Roma, Friedkin non molla e si attendono notizie sul fronte dell’imprenditore americano che prima dello stop del campionato aveva pronta la firma sulle carte che gli avrebbero consegnato lo storico club giallorosso.

Una trattativa che non si è fermata definitivamente, certamente rallentata, ma non nelle intenzioni; infatti Dan Friedkin e Ryan Friedkin stanno solo attendendo di avere più chiaro il futuro prossimo del calcio italiano ed europeo, fermo insieme a tutto il mondo per fronteggiare l’unico nemico attuale, il Coronavirus.
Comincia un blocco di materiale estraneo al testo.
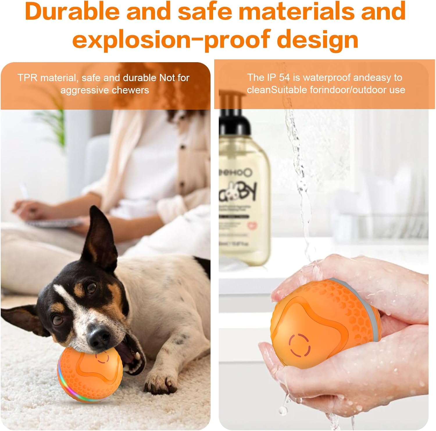 - THICK WASHABLE CASE: This pet toy ball is made of safe, bite-resistant material that stands up to your dog's enthusiastic play. The sturdy upgraded shell ensures durability and you can use it with confidence.IP54 waterproof rating, easy to clean, can be washed directly with water (insert must be removed). [The ball is not suitable for heavy chewers].
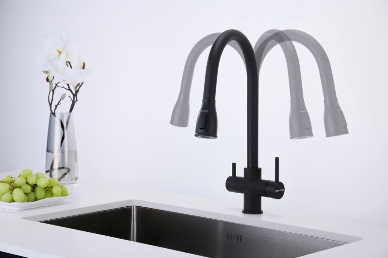 Смеситель под фильтрованную воду с выдвижным шлангом, артикул La214212-401Изготовлен из высококачественной латуни, которая отвечает высочайшим европейским стандартам качества, не содержит свинца, не разрушается со временем и безопасна для здоровья.Вытяжной шланг
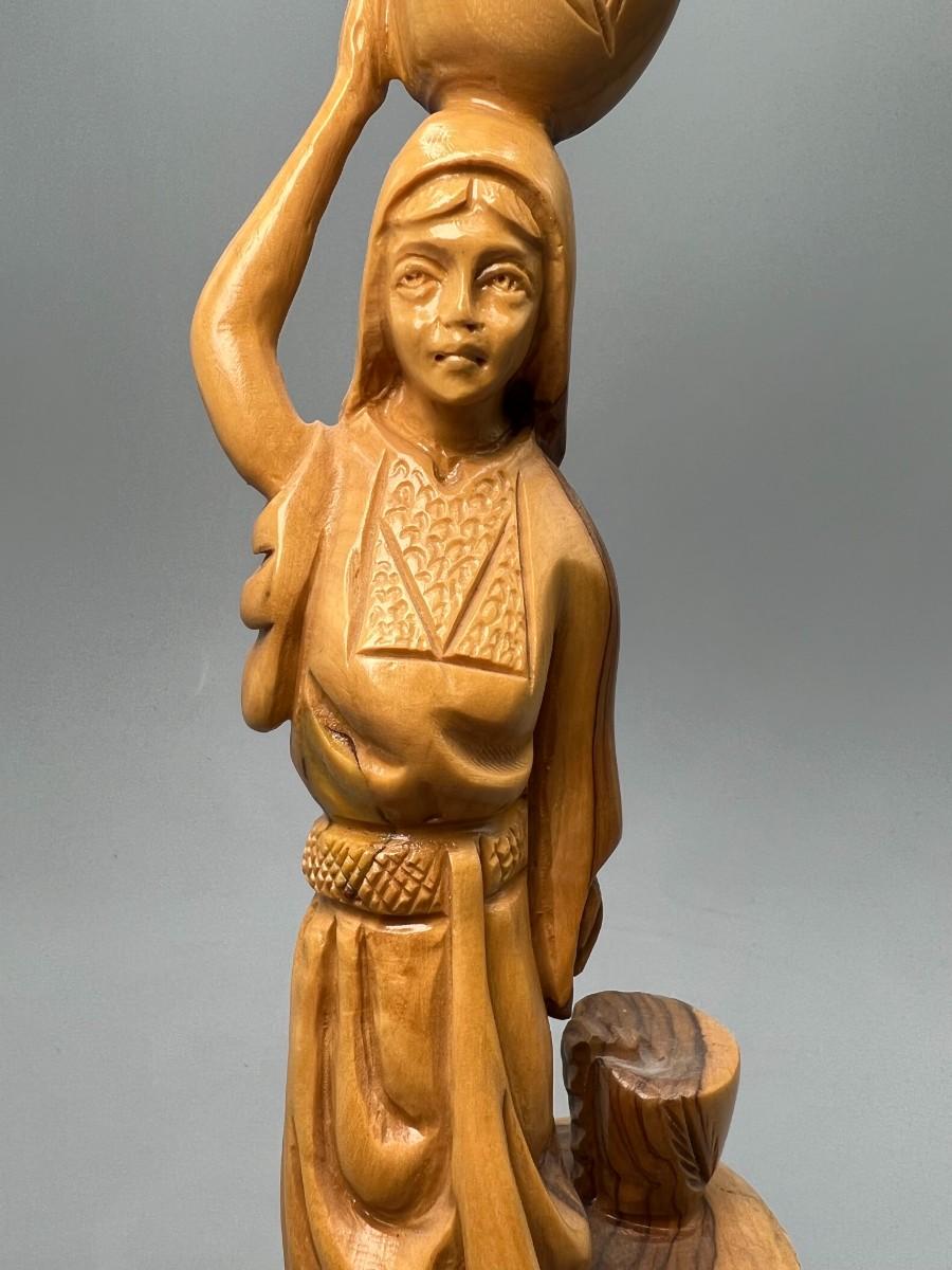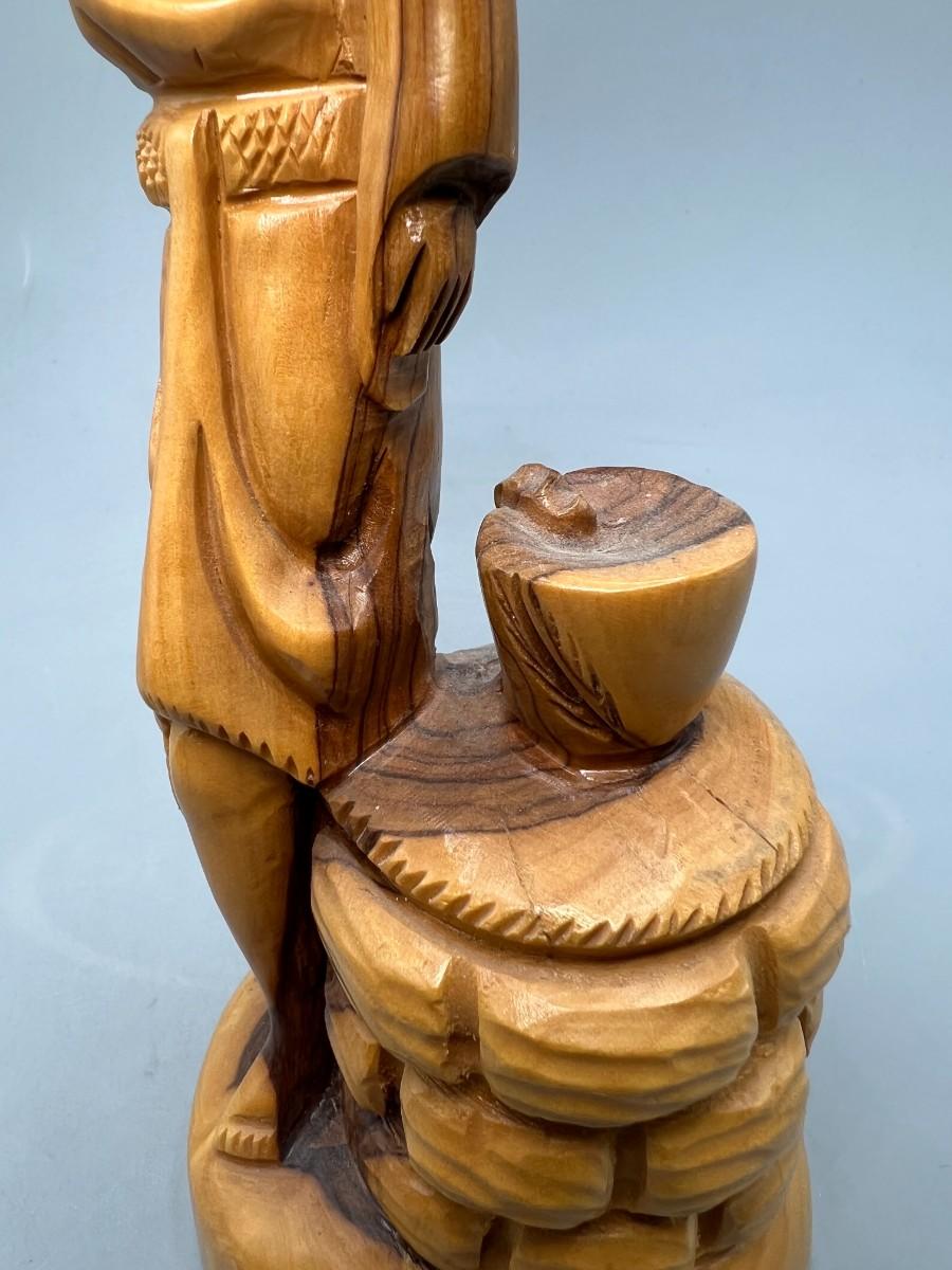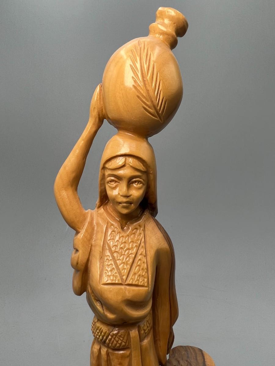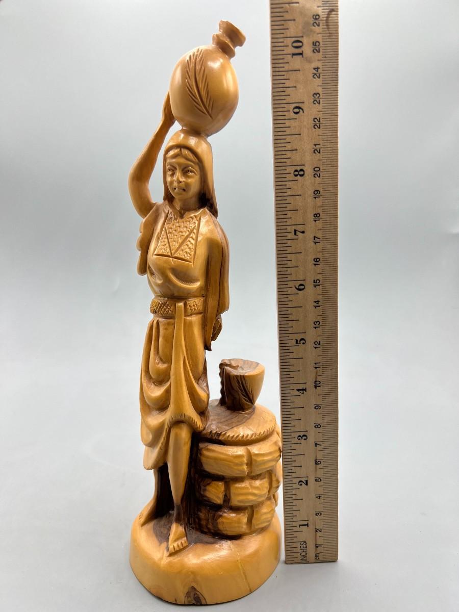 Retro Carved Wood Biblical Holy Land Woman Carrying Jug Figurine Statue
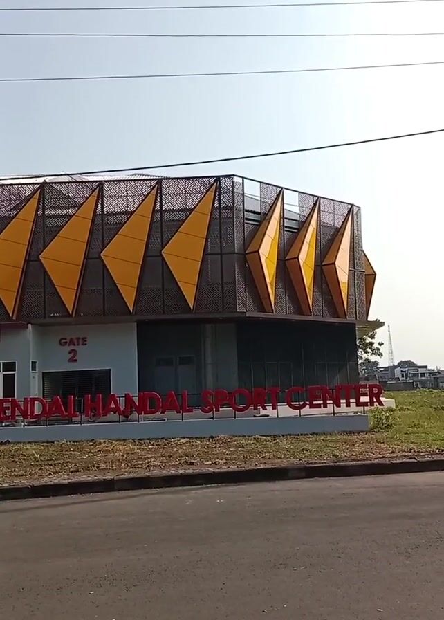 exterior of the Kendal Handal Sport Center on a bright, sunny day. The building has a modern design with a dark metal framework and large yellow, triangular panels. The words "Kendal Handal Sport Center" are displayed in large red letters in front of the building, along with "Gate 2". A road runs in front of the sport center, and there is an open field to the side. There are no people visible in the scene.
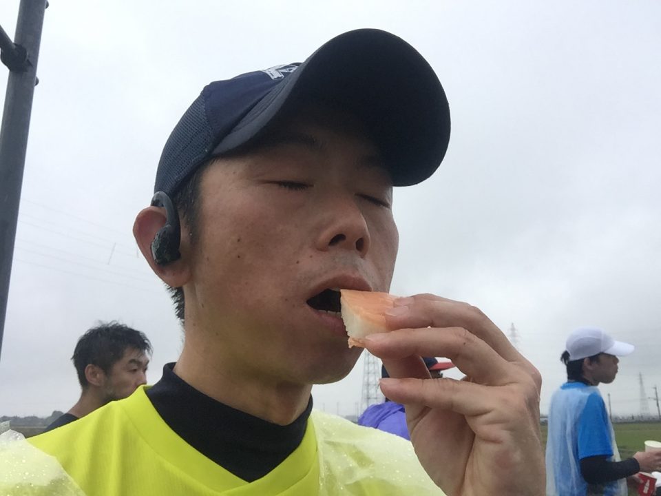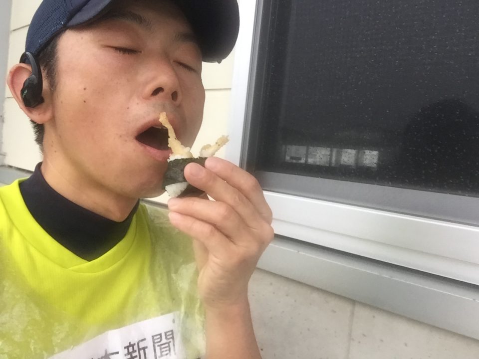 キツイ時間帯をなんとかクリアし、32km付近で現れたエイドでますの寿司をゲット^^
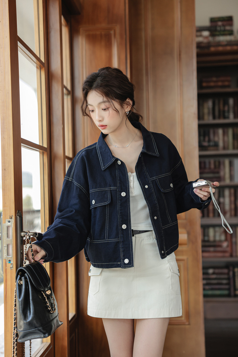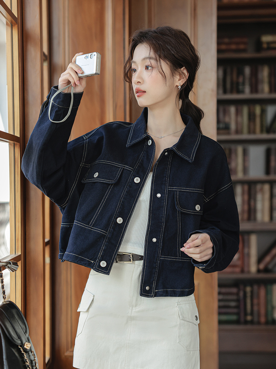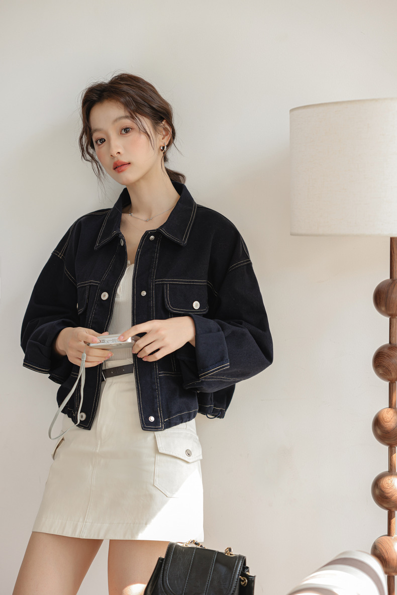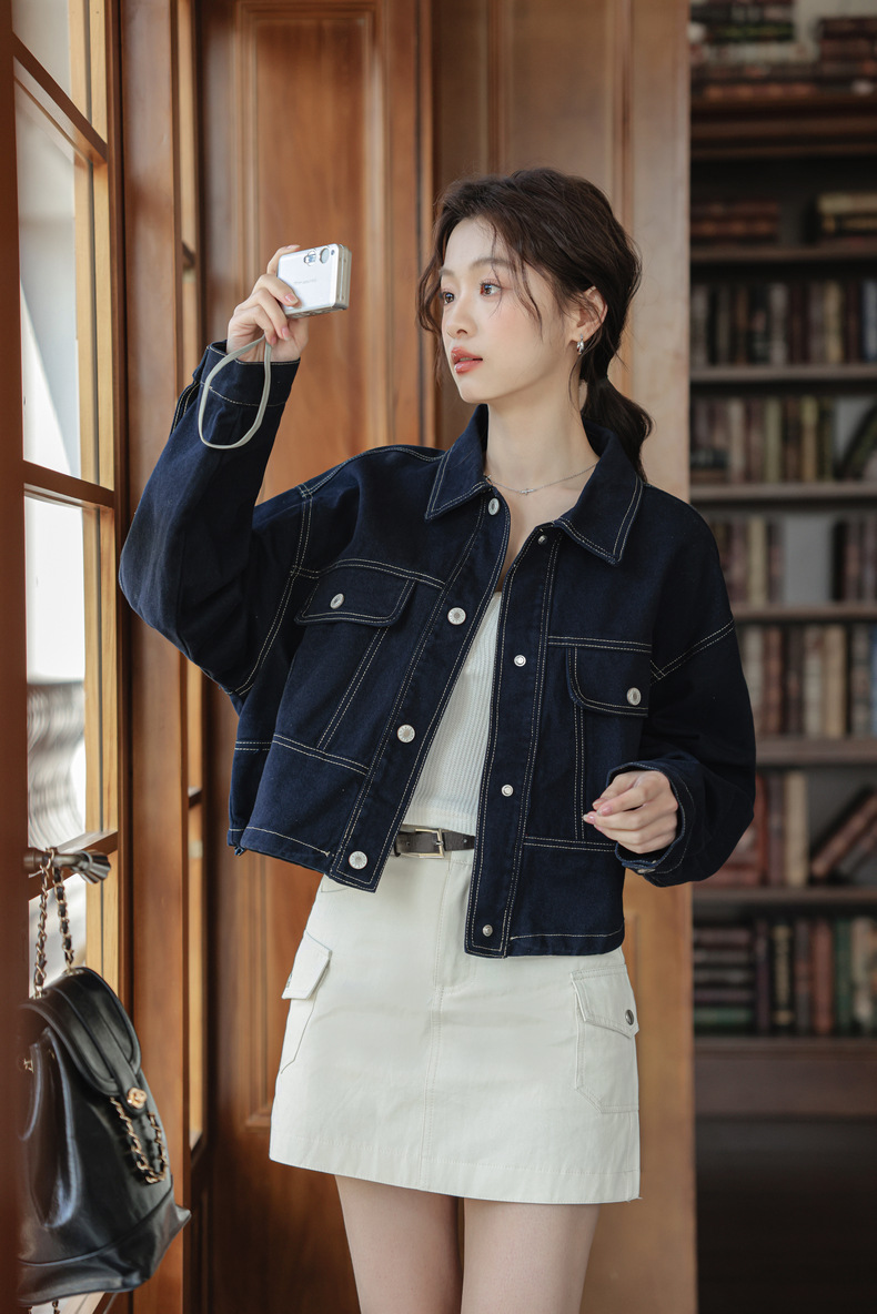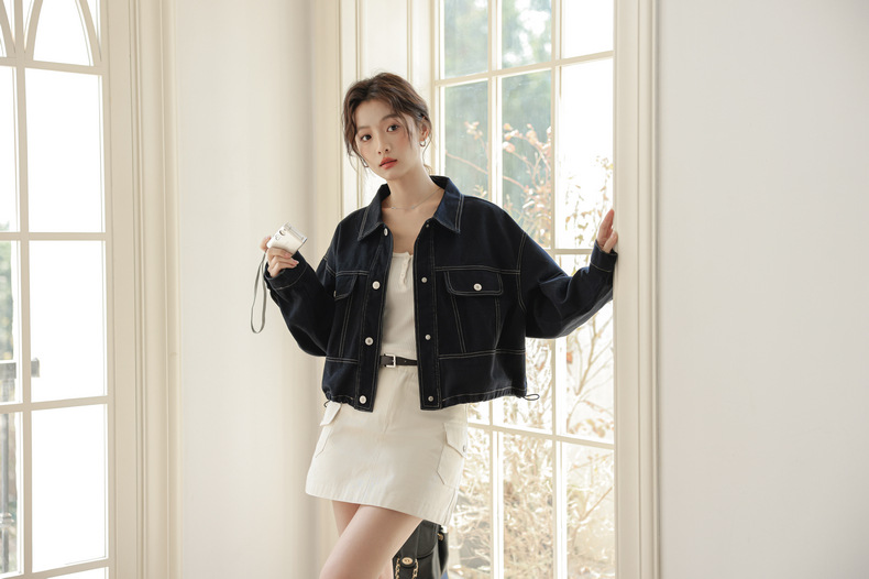 202 봄 새, 간단한 오픈 라인 장식 디자인 drawstring tooling 데님 코트 작은 재킷 여성

Scelta obbligata, visto che l’ingresso in società prevede anche una programmazione lavorativa impossibile da costruire al momento, non essendoci alcuna certezza sulla ripresa della stagione in essere e non conoscendo neanche quali saranno le modalità della prossima.

Sul fronte economico, come riporta il Corriere dello Sport, c’è ancora qualche distanza tra la valutazione di Friedkin e quella di Pallotta, valutazione che vista la situazione potrebbe ancora variare. Probabilmente questo non fermerà la trattativa anche ‘perché la volontà è chiara da parte di entrambi; Pallotta vuole vendere e anche in fretta, Friedkin è deciso nell’intento di investire nella società romana e provare ad esportare il suo modello di marketing alla’americana, ancora più intraprendente di quello esposto dal bostoniano Pallotta, il quale è riuscito solo in parte a cambiare il fatturato ed il prestigio della società giallorossa, migliorandone sì il brand ma non ottenendo risultati dal punto di vista sportivo.